Provided data
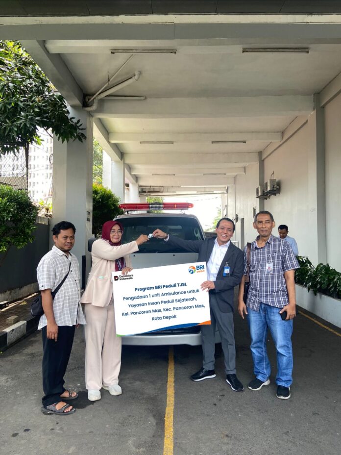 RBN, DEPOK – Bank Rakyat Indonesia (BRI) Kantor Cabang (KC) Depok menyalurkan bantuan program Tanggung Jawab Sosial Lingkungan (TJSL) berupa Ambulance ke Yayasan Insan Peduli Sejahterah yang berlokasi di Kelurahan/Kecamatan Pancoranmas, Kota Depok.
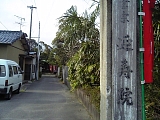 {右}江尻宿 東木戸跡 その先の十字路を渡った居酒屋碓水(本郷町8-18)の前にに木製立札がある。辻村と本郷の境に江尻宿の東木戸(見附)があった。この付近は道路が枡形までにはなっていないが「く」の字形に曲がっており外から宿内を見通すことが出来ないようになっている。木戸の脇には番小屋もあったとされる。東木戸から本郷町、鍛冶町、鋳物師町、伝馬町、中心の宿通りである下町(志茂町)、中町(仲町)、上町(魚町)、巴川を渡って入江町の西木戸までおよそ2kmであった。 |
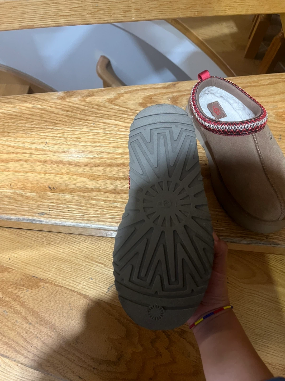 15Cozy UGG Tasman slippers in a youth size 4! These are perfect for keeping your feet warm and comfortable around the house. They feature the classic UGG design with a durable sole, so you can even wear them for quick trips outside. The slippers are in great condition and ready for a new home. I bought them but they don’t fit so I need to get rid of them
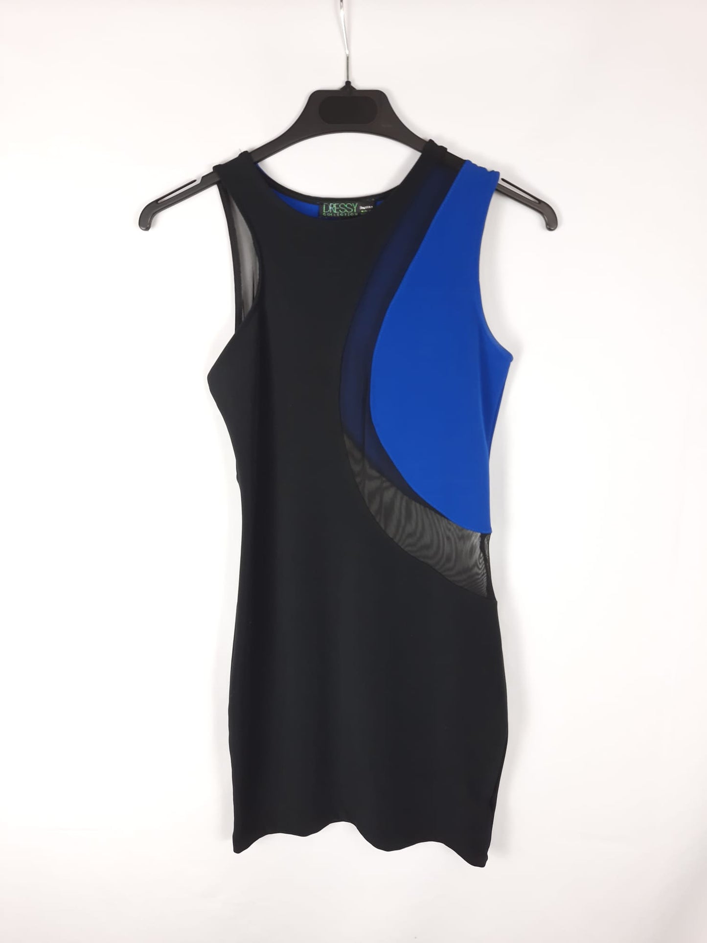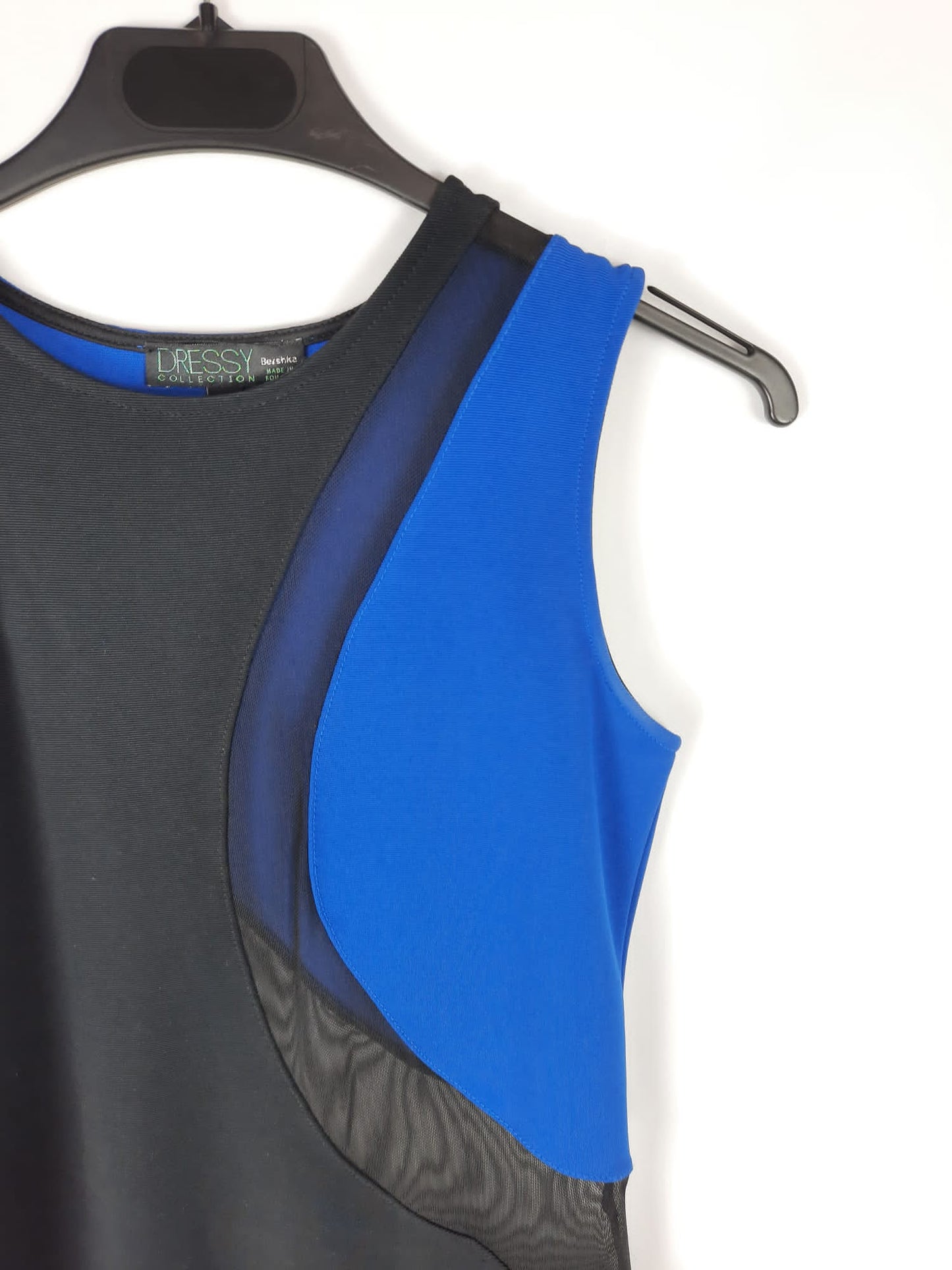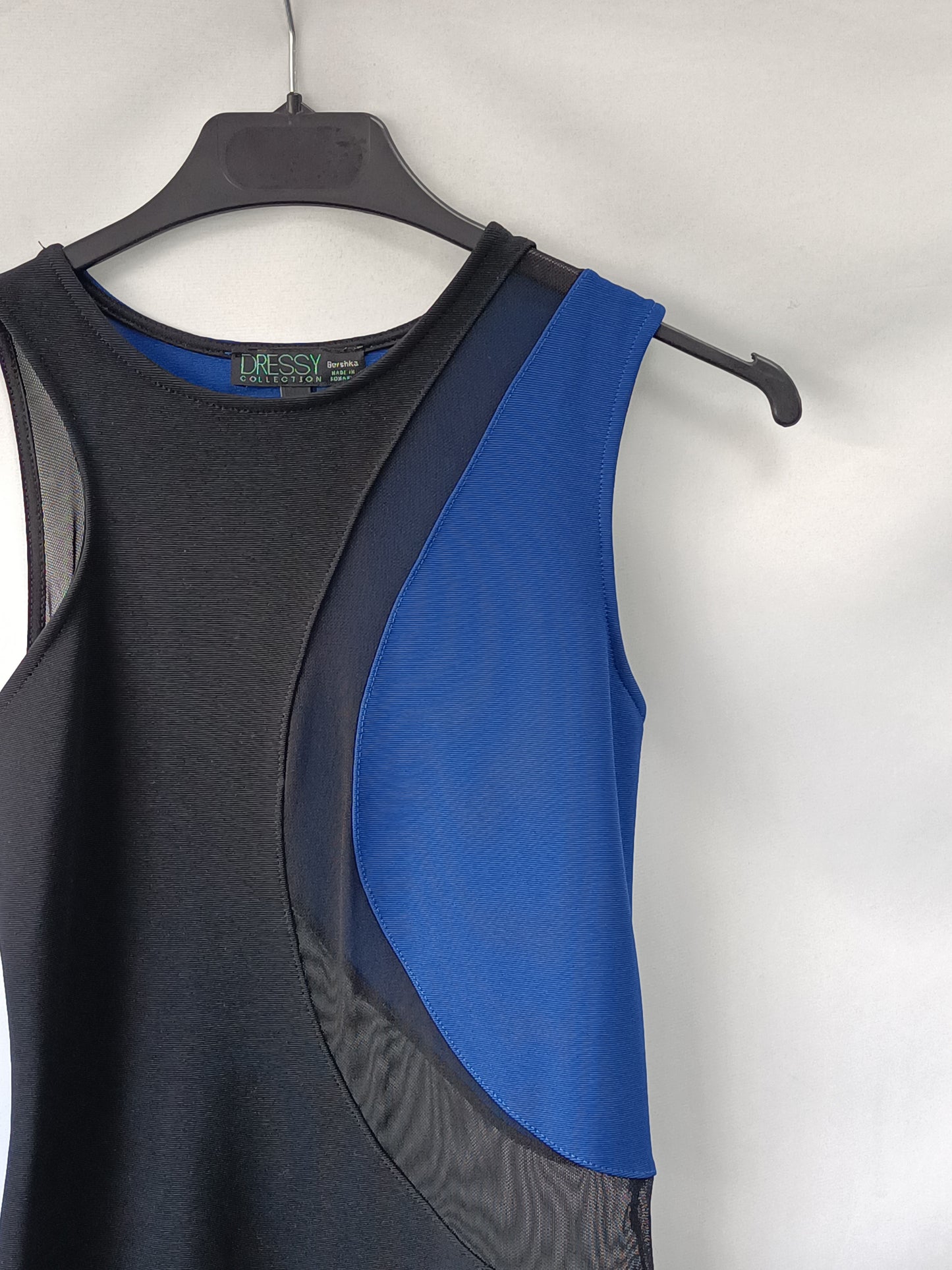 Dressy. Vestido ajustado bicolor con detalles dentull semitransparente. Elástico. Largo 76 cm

Task instructions
Give back the full listing verbatim, skipping each picture.

Finished exercise
 RBN, DEPOK – Bank Rakyat Indonesia (BRI) Kantor Cabang (KC) Depok menyalurkan bantuan program Tanggung Jawab Sosial Lingkungan (TJSL) berupa Ambulance ke Yayasan Insan Peduli Sejahterah yang berlokasi di Kelurahan/Kecamatan Pancoranmas, Kota Depok.
 {右}江尻宿 東木戸跡 その先の十字路を渡った居酒屋碓水(本郷町8-18)の前にに木製立札がある。辻村と本郷の境に江尻宿の東木戸(見附)があった。この付近は道路が枡形までにはなっていないが「く」の字形に曲がっており外から宿内を見通すことが出来ないようになっている。木戸の脇には番小屋もあったとされる。東木戸から本郷町、鍛冶町、鋳物師町、伝馬町、中心の宿通りである下町(志茂町)、中町(仲町)、上町(魚町)、巴川を渡って入江町の西木戸までおよそ2kmであった。 |
 15Cozy UGG Tasman slippers in a youth size 4! These are perfect for keeping your feet warm and comfortable around the house. They feature the classic UGG design with a durable sole, so you can even wear them for quick trips outside. The slippers are in great condition and ready for a new home. I bought them but they don’t fit so I need to get rid of them
 Dressy. Vestido ajustado bicolor con detalles dentull semitransparente. Elástico. Largo 76 cm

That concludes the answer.